- Patch of Bowie Police Department
- Abbreviation: BPD

Agency overview
- Formed: 2006; 20 years ago
- Employees: 86

Jurisdictional structure
- Operations jurisdiction: Bowie, Maryland, USA
- Population: 54,884 (2004)
- General nature: Local civilian police;

Operational structure
- Headquarters: Bowie, Maryland
- Officers: 56
- Civilian employees: 21
- Agency executive: Dwayne Preston, Chief Of Police;

Facilities
- Headquarters (located on the Lowest level of City Hall)s: 15901 Fred Robinson Way, Bowie, MD 20716

Website
- https://www.cityofbowie.org/150/Police

= Bowie Police Department (Maryland) =

Primary law enforcement agency for Bowie, Maryland, US

The Bowie City Police Department (BPD) is the primary law enforcement agency for Bowie, Maryland, servicing a population of 54,884 (2004 census estimate) in 16 sqmi of the municipality.

==Overview==
The City of Bowie Police Department was established on September 11, 2006, under the direction of then-Police Chief Katherine Perez and Deputy Police Chief John K. Nesky.
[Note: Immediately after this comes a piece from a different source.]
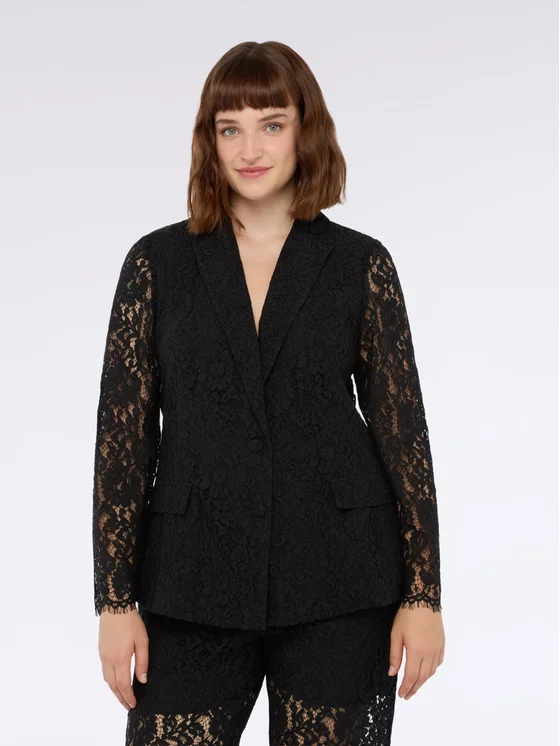 Blazer in pizzo con chiusura monopetto a bottoni; maniche lunghe in delicato pizzo traforato; vestibilità e design per il massimo del comfort; crea il total look con i pantaloni in pizzo coordinati.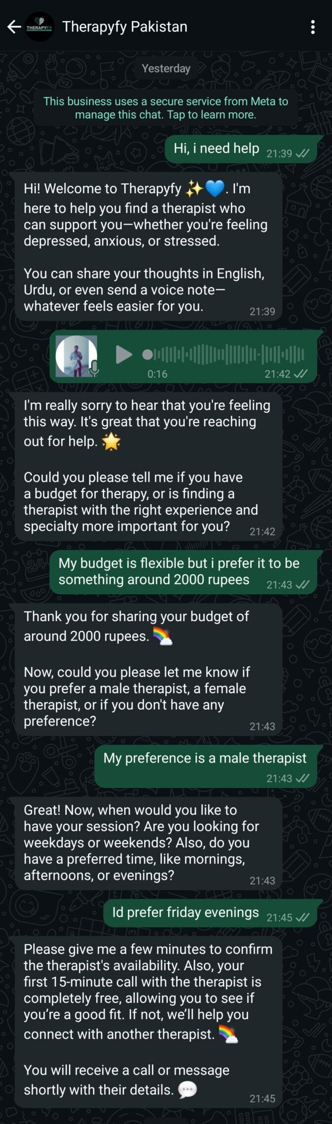 As Pakistan’s first automated therapy platform, we connect you with expert, licensed therapists who truly understand your needs. Our secure, flexible sessions are designed to empower you on your journey to wellness.

Currently, the Bowie Police Department is under the leadership of Police Chief Dwayne and Deputy Chief Robert V. Liberati, Jr.
The Bowie Police Department is located in Prince George's County and is among the largest municipalities within the State of Maryland. As of today, the agency has a total of 57 sworn police officers. The Bowie Police Department also currently employs 21 civilian personnel. The City of Bowie Police Department covers approximately 18 square miles, protecting approximately 60,000 residents. The police department consists of several sections and divisions, which include the following: patrol division, community services section, criminal investigations section, directed response team, canine unit, training section, administrative support section, records section, evidence processing section, and most recently added its own communications and dispatch division.

Chiefs of Police History:

Dwayne Preston: Dec. 21, 2023–Present (Acting Chief - Sept. 2023 - Dec. 2023)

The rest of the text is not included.